Connecting to remote datasources
What is a remote datasource?
The Siren Federate plugin provides the capability to query data that is stored in external databases. The databases are connected by using the Elasticsearch API and by mapping database tables to virtual indices.
An analyst who is using Siren Investigate can then create dashboards by directly querying the remote datasources and displaying the resulting data alongside Elasticsearch data.
Two types of remote datasource can be configured; JDBC datasources and remote Elasticsearch clusters.
What is a virtual index?
After you connect remote datasources in Siren Platform, you create virtual indices to map the external database tables.
With virtual indices, data is never copied. Instead, queries that are sent to virtual indices are translated to the native dialect of the database system and back again in real time.
Datasources and virtual indices can be managed by using the REST API.

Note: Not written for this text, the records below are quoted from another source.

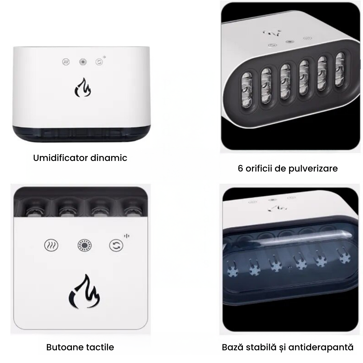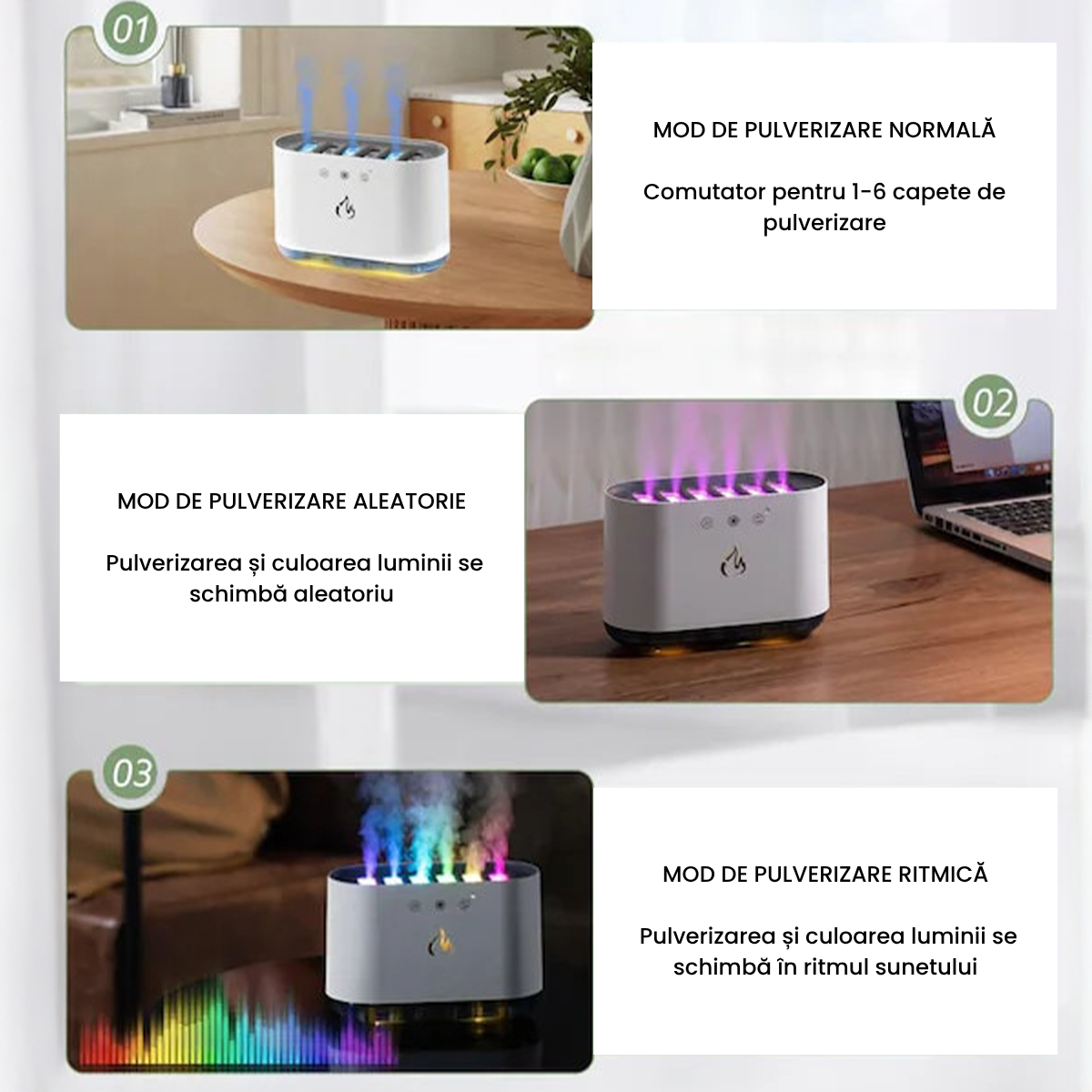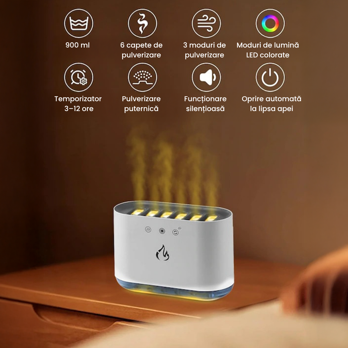 Emite o ceață fină care hidratează aerul și reduce disconfortul cauzat de uscăciune.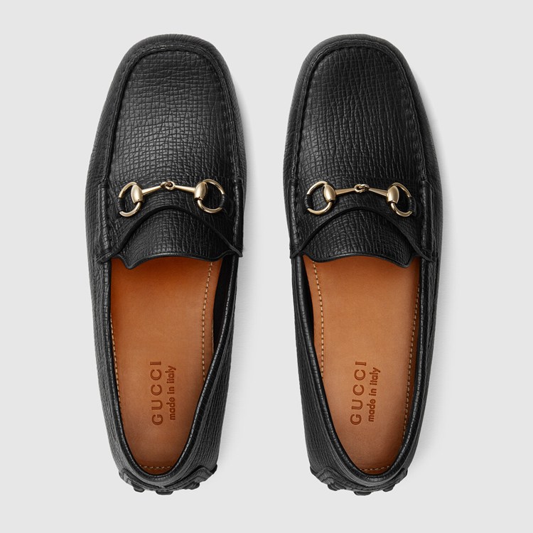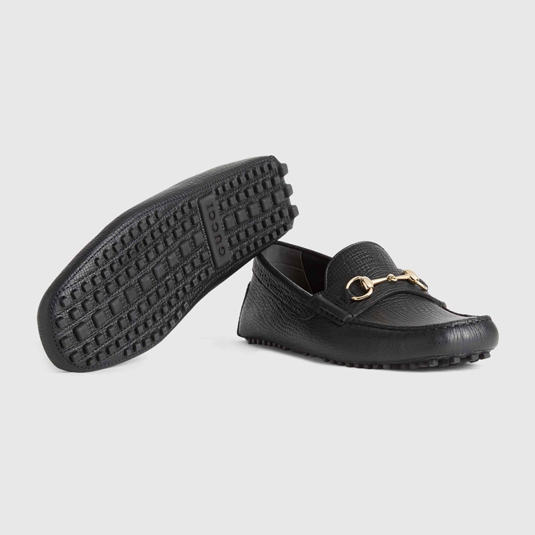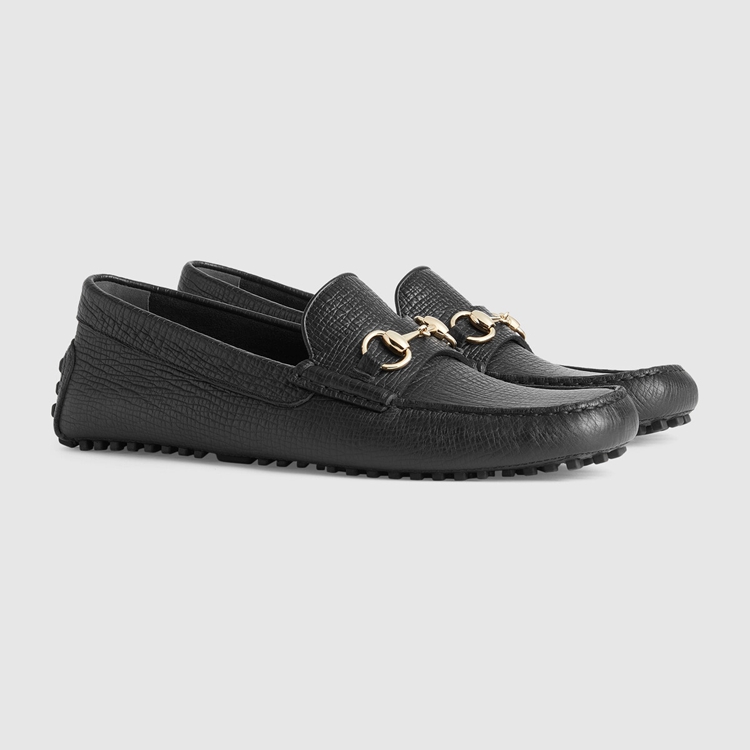 Style 674254 UDU00 1000 A black leather driver distinguished by palladium-toned Horsebit hardware. The driving shoe was first introduced as a contemporary evolution of The traditional loafer silhouette, distinguished by a pebbled sole For extra grip. Since then, The shoe has become a Classic design and is reimagined through The Gucci lens each season.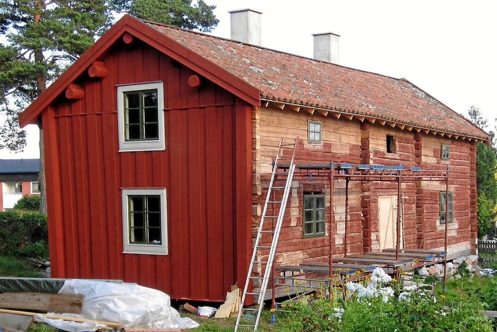 Samma gavel sommaren 2008. Den nya kilsågade lockpanelen börjar komma på plats efter omfattande timmerlagning. Fasaden är målad med ljus faluröd, fönsterbågar med Ottossons Köpenhamnsgröna linoljefärg. Fodren målade med titanvitt brutet med grön umbra. Båda fönstren på gaveln är nyupptagna. Skulle de nya skorstenarna bli bra? Dessa vållade mycket diskussion om gällande regelverk, men paret blev mycket nöjda med dessa putsade blockskorstenar.

How do you query virtual indices?
Virtual indices can be queried by using one of the following APIs:
-
Standard Elasticsearch API: Allows you to query a virtual index as if it were a standard Elasticsearch index. However, note that this method does not support joins.
-
Siren Federate API: Allows you to use the join query clause on virtual indices. The Siren Federate query planner pushes down to the remote datasources the computation of query operators such as filters, aggregations, and joins.
Siren Federate supports sophisticated join capabilities across both real indices and virtual indices (federated).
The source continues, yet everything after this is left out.